• _What the exercise asks_
The answer must consist only of the lines in the records below from the line with "Aceite De Pescado" to the line with "在取樣現場全程觀看的俄羅斯全", both included, copied word for word with every picture left out.

• _Input material_
********

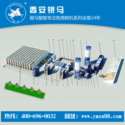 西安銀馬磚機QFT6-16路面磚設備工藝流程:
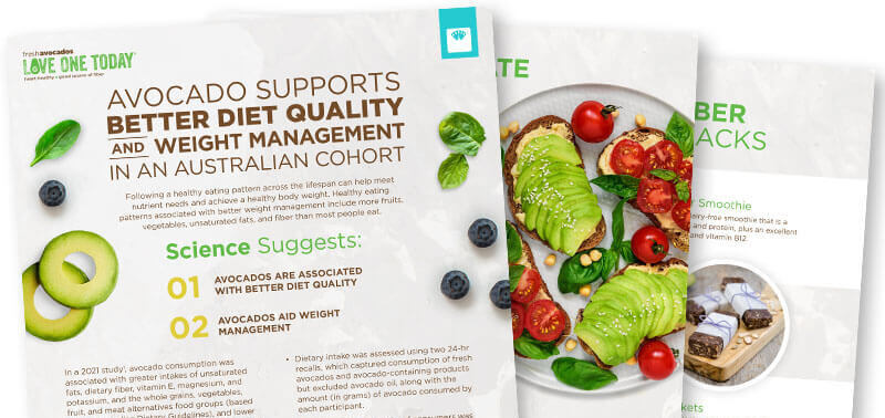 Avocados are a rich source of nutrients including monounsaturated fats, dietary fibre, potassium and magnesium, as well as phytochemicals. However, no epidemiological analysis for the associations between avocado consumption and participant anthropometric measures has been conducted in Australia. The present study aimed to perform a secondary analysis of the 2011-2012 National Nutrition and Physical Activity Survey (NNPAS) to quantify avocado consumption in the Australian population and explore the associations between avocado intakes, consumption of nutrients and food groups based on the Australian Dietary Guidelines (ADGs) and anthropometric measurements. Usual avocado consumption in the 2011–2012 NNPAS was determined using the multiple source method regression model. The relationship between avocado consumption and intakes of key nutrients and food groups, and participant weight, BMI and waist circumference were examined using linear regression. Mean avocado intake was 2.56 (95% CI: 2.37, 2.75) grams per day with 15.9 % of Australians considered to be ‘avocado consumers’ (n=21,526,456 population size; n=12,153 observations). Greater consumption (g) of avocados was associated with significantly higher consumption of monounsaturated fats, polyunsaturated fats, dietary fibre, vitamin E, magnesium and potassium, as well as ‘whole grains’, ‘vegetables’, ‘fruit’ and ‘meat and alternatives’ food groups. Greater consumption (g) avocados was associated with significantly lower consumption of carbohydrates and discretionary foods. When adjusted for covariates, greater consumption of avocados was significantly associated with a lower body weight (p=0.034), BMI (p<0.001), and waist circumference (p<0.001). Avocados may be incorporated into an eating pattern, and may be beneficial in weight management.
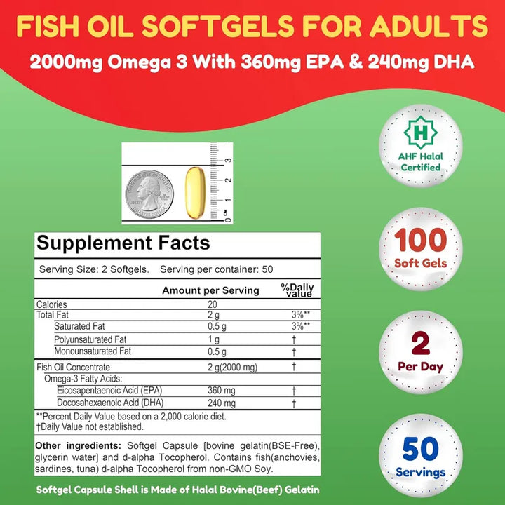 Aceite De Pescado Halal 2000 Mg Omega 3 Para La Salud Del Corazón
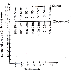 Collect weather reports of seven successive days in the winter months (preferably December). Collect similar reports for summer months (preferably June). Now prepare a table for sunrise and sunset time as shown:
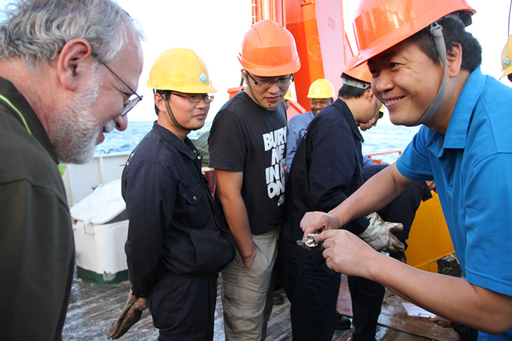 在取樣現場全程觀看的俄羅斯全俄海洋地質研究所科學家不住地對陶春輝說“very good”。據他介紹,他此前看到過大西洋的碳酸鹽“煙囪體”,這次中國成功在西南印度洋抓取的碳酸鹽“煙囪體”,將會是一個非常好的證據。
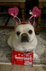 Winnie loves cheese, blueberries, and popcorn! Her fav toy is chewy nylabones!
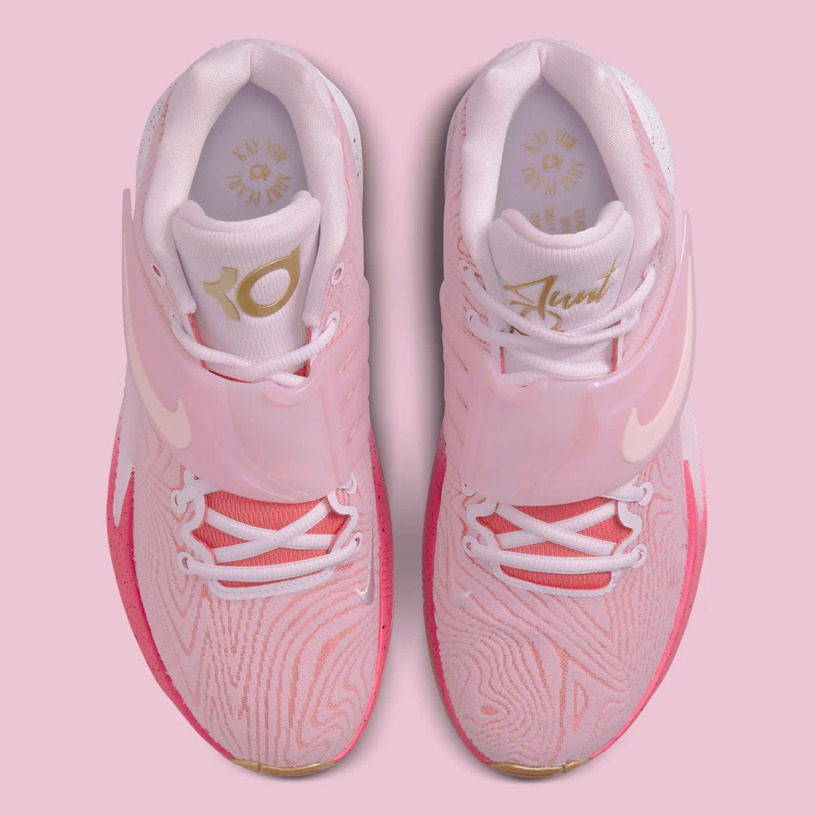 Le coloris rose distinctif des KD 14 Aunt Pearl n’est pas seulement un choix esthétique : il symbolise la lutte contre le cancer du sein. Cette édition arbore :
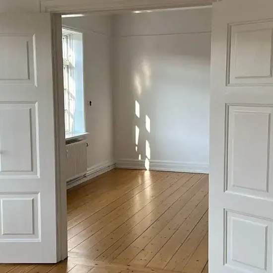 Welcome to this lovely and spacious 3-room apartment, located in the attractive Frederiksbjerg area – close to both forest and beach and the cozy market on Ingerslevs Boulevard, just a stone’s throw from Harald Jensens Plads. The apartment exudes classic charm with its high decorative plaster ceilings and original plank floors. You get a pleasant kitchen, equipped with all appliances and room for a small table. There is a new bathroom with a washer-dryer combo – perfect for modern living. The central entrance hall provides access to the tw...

********

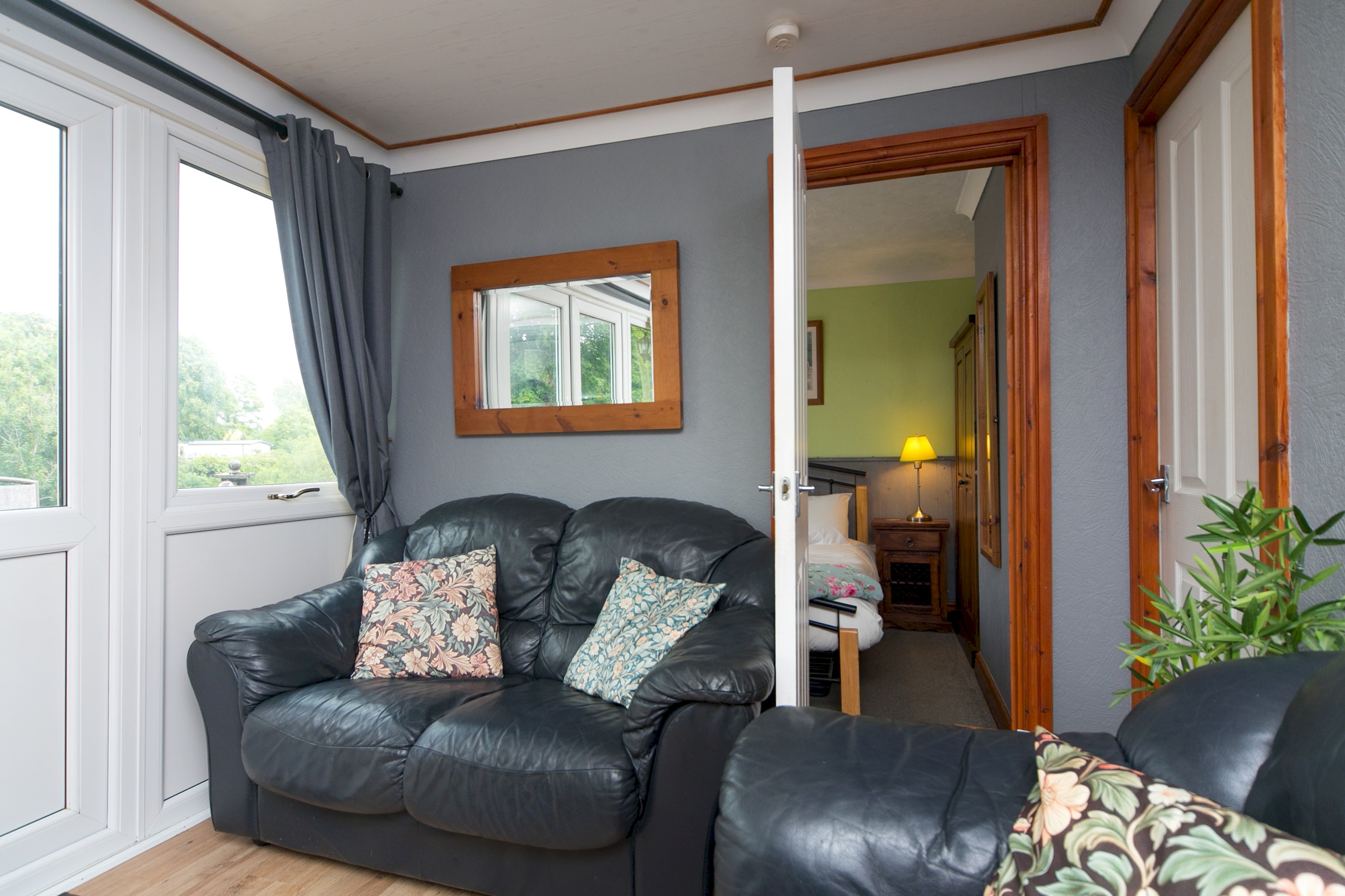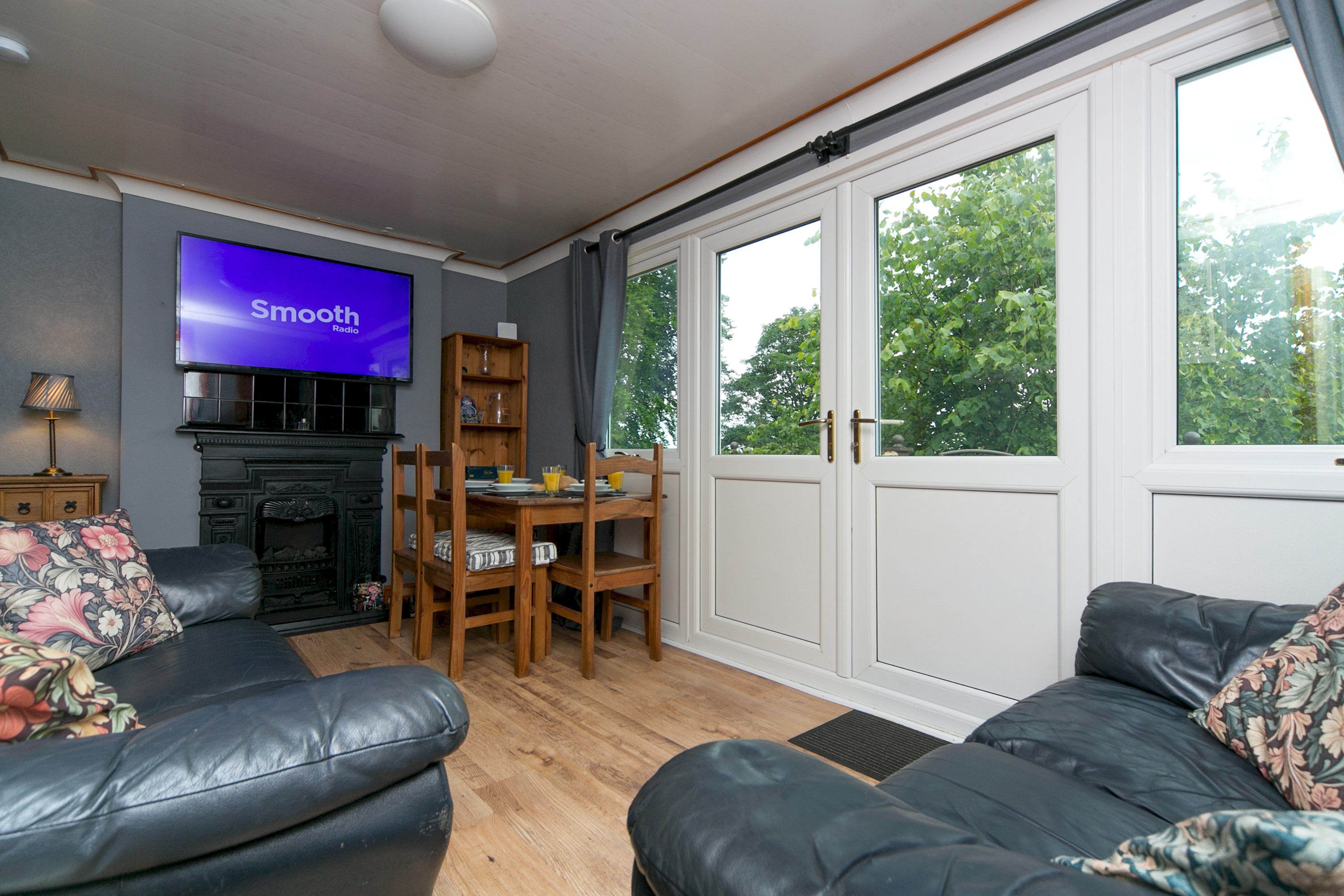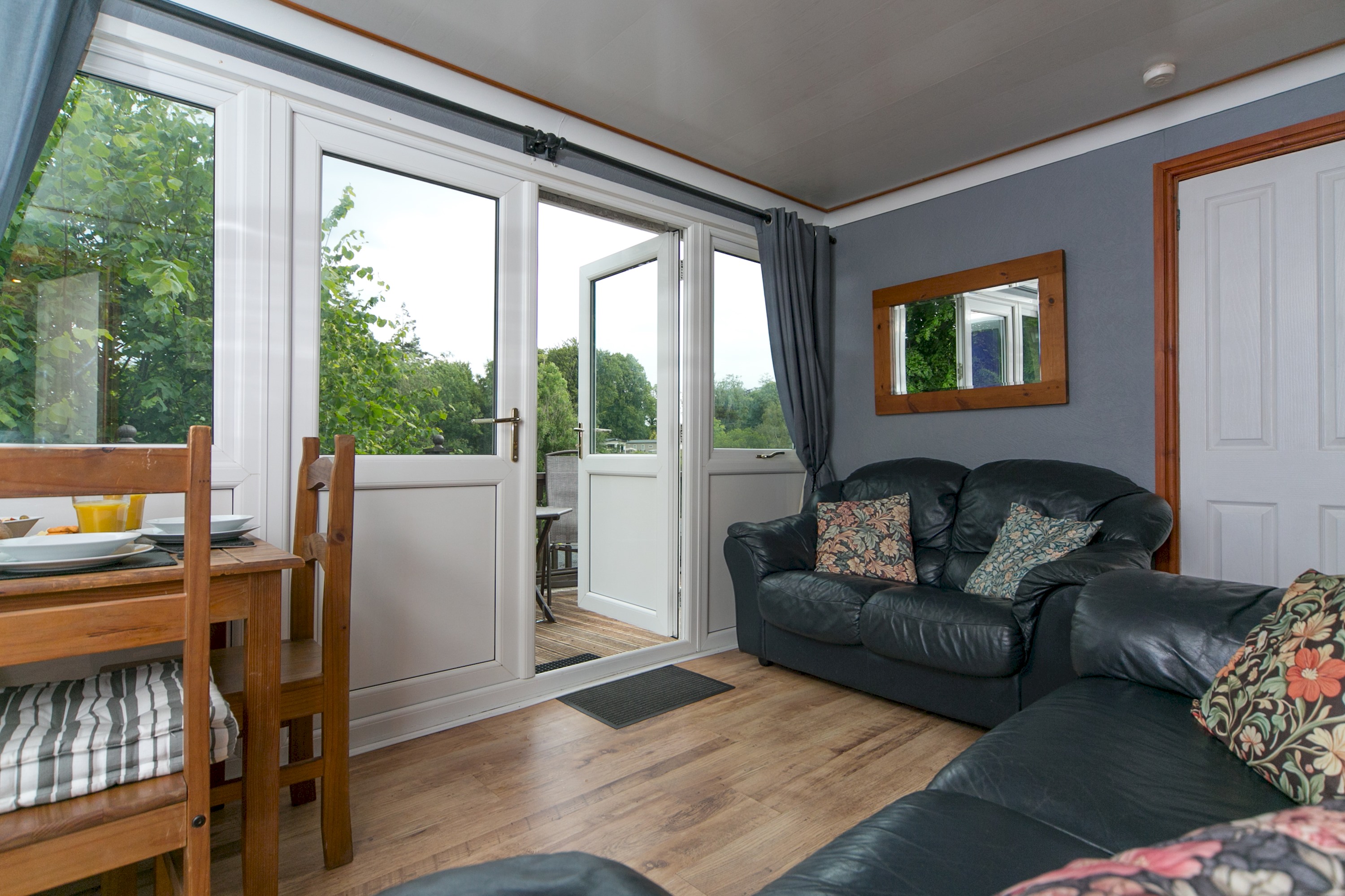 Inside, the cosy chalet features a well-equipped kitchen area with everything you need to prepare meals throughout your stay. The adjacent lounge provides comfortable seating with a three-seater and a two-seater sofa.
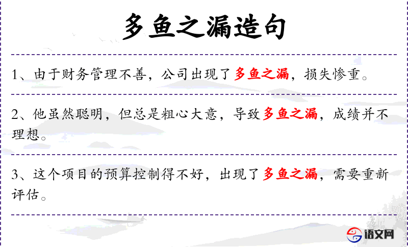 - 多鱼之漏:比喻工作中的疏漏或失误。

********

• _Answer space_
 Aceite De Pescado Halal 2000 Mg Omega 3 Para La Salud Del Corazón
 Collect weather reports of seven successive days in the winter months (preferably December). Collect similar reports for summer months (preferably June). Now prepare a table for sunrise and sunset time as shown:
 在取樣現場全程觀看的俄羅斯全俄海洋地質研究所科學家不住地對陶春輝說“very good”。據他介紹,他此前看到過大西洋的碳酸鹽“煙囪體”,這次中國成功在西南印度洋抓取的碳酸鹽“煙囪體”,將會是一個非常好的證據。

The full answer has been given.